__TASK TO CARRY OUT__
The records are to be copied word for word, and the pictures dropped.

__Saved data entries__
☆ ☆ ☆

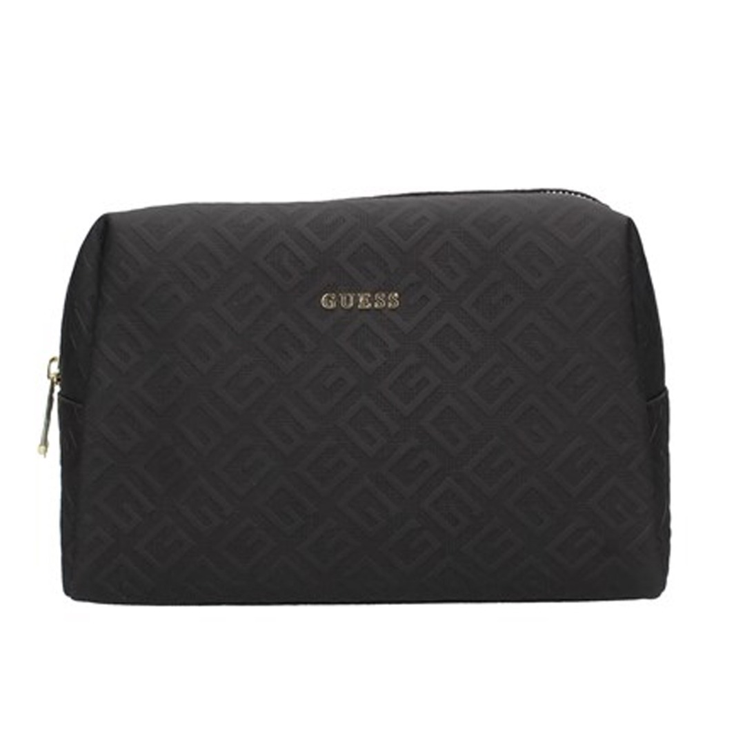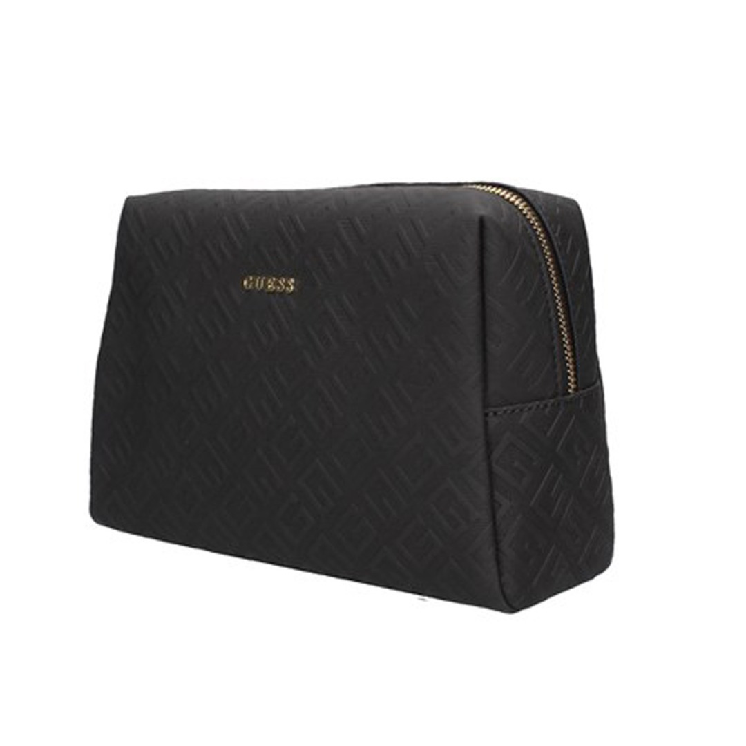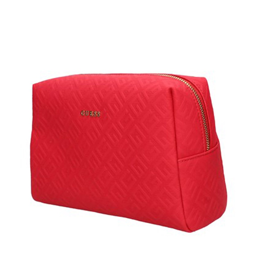 Pochette in eco-pelle firmata Guess, sarà l'accessorio utile e compatto per avere tutto in ordine, L'interno è foderato in tessuto, è presente 1 scomparto con zip. Metalleria color oro pallido. Lettering del brand Guess in metallo frontale.
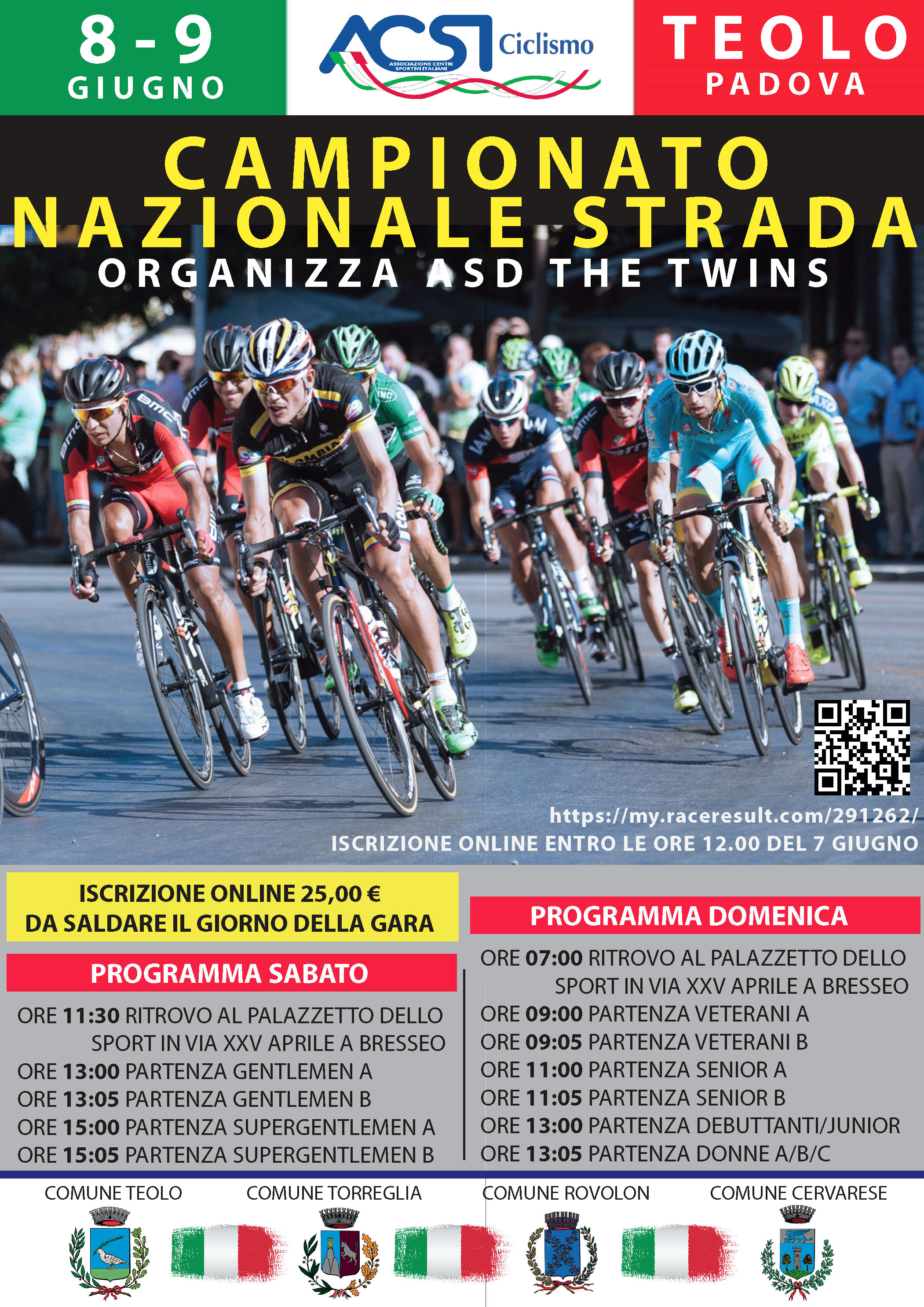 il provvedimento n. prot. 38087/24, emesso in data 27/5/2024, con il quale la Provincia di Padova ha autorizzato lo svolgimento della gara ciclistica denominata "CAMPIONATO NAZIONALE ACSI STRADA 2024", organizzata dalla A.S.D. THE TWINS per il giorno 8/6/2024, con partenza alle ore 13:00 da Via Euganea nel Comune di Teolo (Palazzetto dello sport di Bresseo) e per il giorno 9/6/2024, con partenza alle ore 9:00 da Via Euganea nel Comune di Teolo (Palazzetto dello sport di Bresseo);
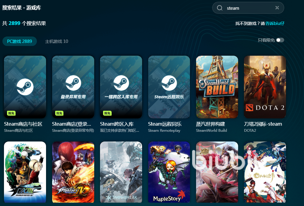 小编建议大家使用biubiu加速器来玩叛逆神魂,正好现在有免费试用的活动,点击上方按钮获取链接下载以后立即注册新用户,就能马上享受24小时免费体验。用户搜索steam以后跳出加速资源,加速steam成功就能打开叛逆神魂玩了,经过优化以后网络特别流畅,玩游戏不会有延迟跟卡顿。
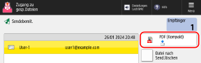 Um die E-Mail-Adresse eines angemeldeten Anwenders als Empfänger zu definieren, drücken Sie [An eigene Adresse senden].
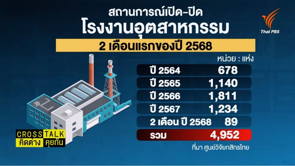 ขณะที่ อรมน ทรัพย์ทวีธรรม อธิบดีกรมพัฒนาธุรกิจการค้า กระทรวงพาณิชย์ เผยข้อมูลการจดทะเบียนตั้งธุรกิจใหม่ ในไตรมาสแรกของปี 2568 ลดลง 4.7% เมื่อเทียบกับช่วงเดียวกันของปีก่อนหน้า และมีการจดทะเบียนเลิกกิจการเพิ่มขึ้นถึง 10.6%
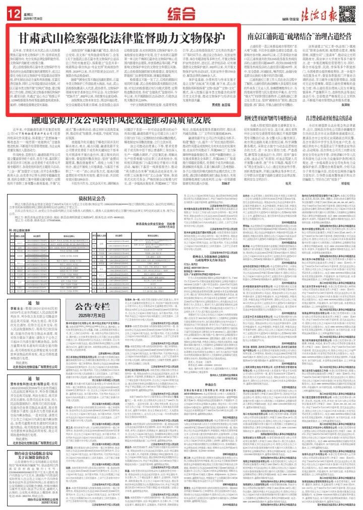 2025年7月30日,法治日报刊发《甘肃武山检察强化法律监督助力文物保护》。
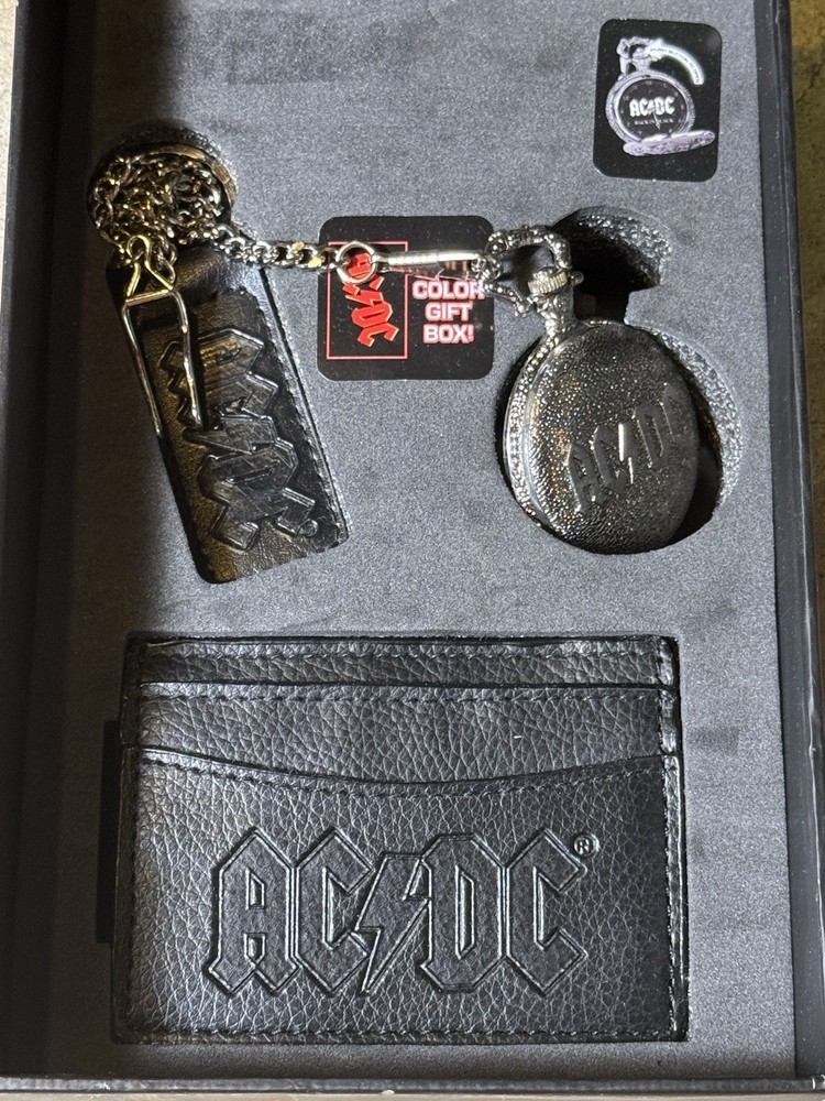 The vintage 2007 AC/DC pocket watch, keychain, and wallet set features a quartz movement and a classic design perfect for casual wear. The pocket watch has a 12-hour dial and is in the style of the iconic rock band AC/DC, making it a unique and stylish accessory. With its analog display and unisex appeal, this set is sure to be a standout piece for any AC/DC fan or watch enthusiast looking to add some rock 'n' roll flair to their collection.
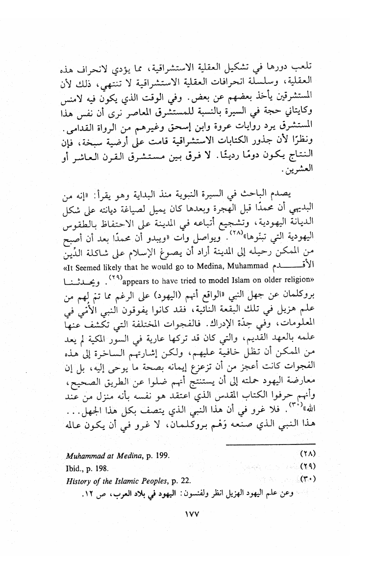 نام کتاب : الاستشراق في السيرة النبوية دراسة تاريخية لآراء (وات-بروكلمان-فلهاوزن) مقارنة بالرؤية الإسلامية نویسنده : عبد الله محمد الأمين النعيمي جلد : 1 صفحه : 177
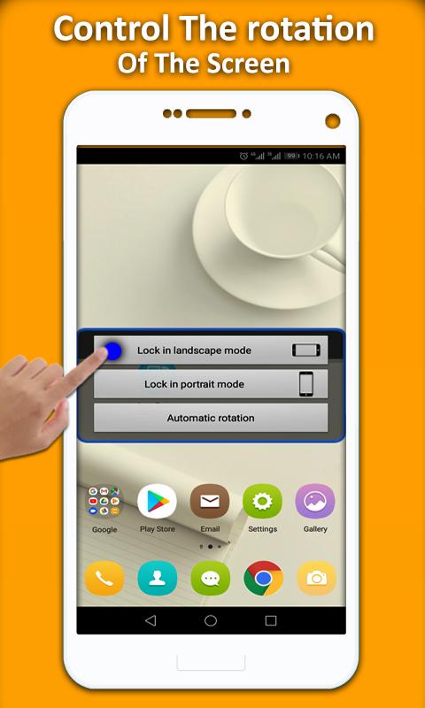 La aplicación de control de rotación controla la rotación de la pantalla en las cuatro direcciones, horizontal, vertical o invertida para cambiar la orientación del teléfono. El control de cuatro vías también permite la rotación realista de retrato a paisaje. Incline el teléfono para disfrutar del modo vertical u horizontal, la rotación automática de la pantalla del teléfono lo ayuda a usar su teléfono en cualquier dirección. Haga que el dispositivo gire con controles suaves en cuatro direcciones. La rotación es fácil e instantánea con el control de rotación de la pantalla en horizontal o vertical. Determine libremente la orientación de la pantalla y especifique el giro de giro de dirección automática.

☆ ☆ ☆

__OUTPUT FOR THIS EXERCISE__
 Pochette in eco-pelle firmata Guess, sarà l'accessorio utile e compatto per avere tutto in ordine, L'interno è foderato in tessuto, è presente 1 scomparto con zip. Metalleria color oro pallido. Lettering del brand Guess in metallo frontale.
 il provvedimento n. prot. 38087/24, emesso in data 27/5/2024, con il quale la Provincia di Padova ha autorizzato lo svolgimento della gara ciclistica denominata "CAMPIONATO NAZIONALE ACSI STRADA 2024", organizzata dalla A.S.D. THE TWINS per il giorno 8/6/2024, con partenza alle ore 13:00 da Via Euganea nel Comune di Teolo (Palazzetto dello sport di Bresseo) e per il giorno 9/6/2024, con partenza alle ore 9:00 da Via Euganea nel Comune di Teolo (Palazzetto dello sport di Bresseo);
 小编建议大家使用biubiu加速器来玩叛逆神魂,正好现在有免费试用的活动,点击上方按钮获取链接下载以后立即注册新用户,就能马上享受24小时免费体验。用户搜索steam以后跳出加速资源,加速steam成功就能打开叛逆神魂玩了,经过优化以后网络特别流畅,玩游戏不会有延迟跟卡顿。
 Um die E-Mail-Adresse eines angemeldeten Anwenders als Empfänger zu definieren, drücken Sie [An eigene Adresse senden].
 ขณะที่ อรมน ทรัพย์ทวีธรรม อธิบดีกรมพัฒนาธุรกิจการค้า กระทรวงพาณิชย์ เผยข้อมูลการจดทะเบียนตั้งธุรกิจใหม่ ในไตรมาสแรกของปี 2568 ลดลง 4.7% เมื่อเทียบกับช่วงเดียวกันของปีก่อนหน้า และมีการจดทะเบียนเลิกกิจการเพิ่มขึ้นถึง 10.6%
 2025年7月30日,法治日报刊发《甘肃武山检察强化法律监督助力文物保护》。
 The vintage 2007 AC/DC pocket watch, keychain, and wallet set features a quartz movement and a classic design perfect for casual wear. The pocket watch has a 12-hour dial and is in the style of the iconic rock band AC/DC, making it a unique and stylish accessory. With its analog display and unisex appeal, this set is sure to be a standout piece for any AC/DC fan or watch enthusiast looking to add some rock 'n' roll flair to their collection.
 نام کتاب : الاستشراق في السيرة النبوية دراسة تاريخية لآراء (وات-بروكلمان-فلهاوزن) مقارنة بالرؤية الإسلامية نویسنده : عبد الله محمد الأمين النعيمي جلد : 1 صفحه : 177
 La aplicación de control de rotación controla la rotación de la pantalla en las cuatro direcciones, horizontal, vertical o invertida para cambiar la orientación del teléfono. El control de cuatro vías también permite la rotación realista de retrato a paisaje. Incline el teléfono para disfrutar del modo vertical u horizontal, la rotación automática de la pantalla del teléfono lo ayuda a usar su teléfono en cualquier dirección. Haga que el dispositivo gire con controles suaves en cuatro direcciones. La rotación es fácil e instantánea con el control de rotación de la pantalla en horizontal o vertical. Determine libremente la orientación de la pantalla y especifique el giro de giro de dirección automática.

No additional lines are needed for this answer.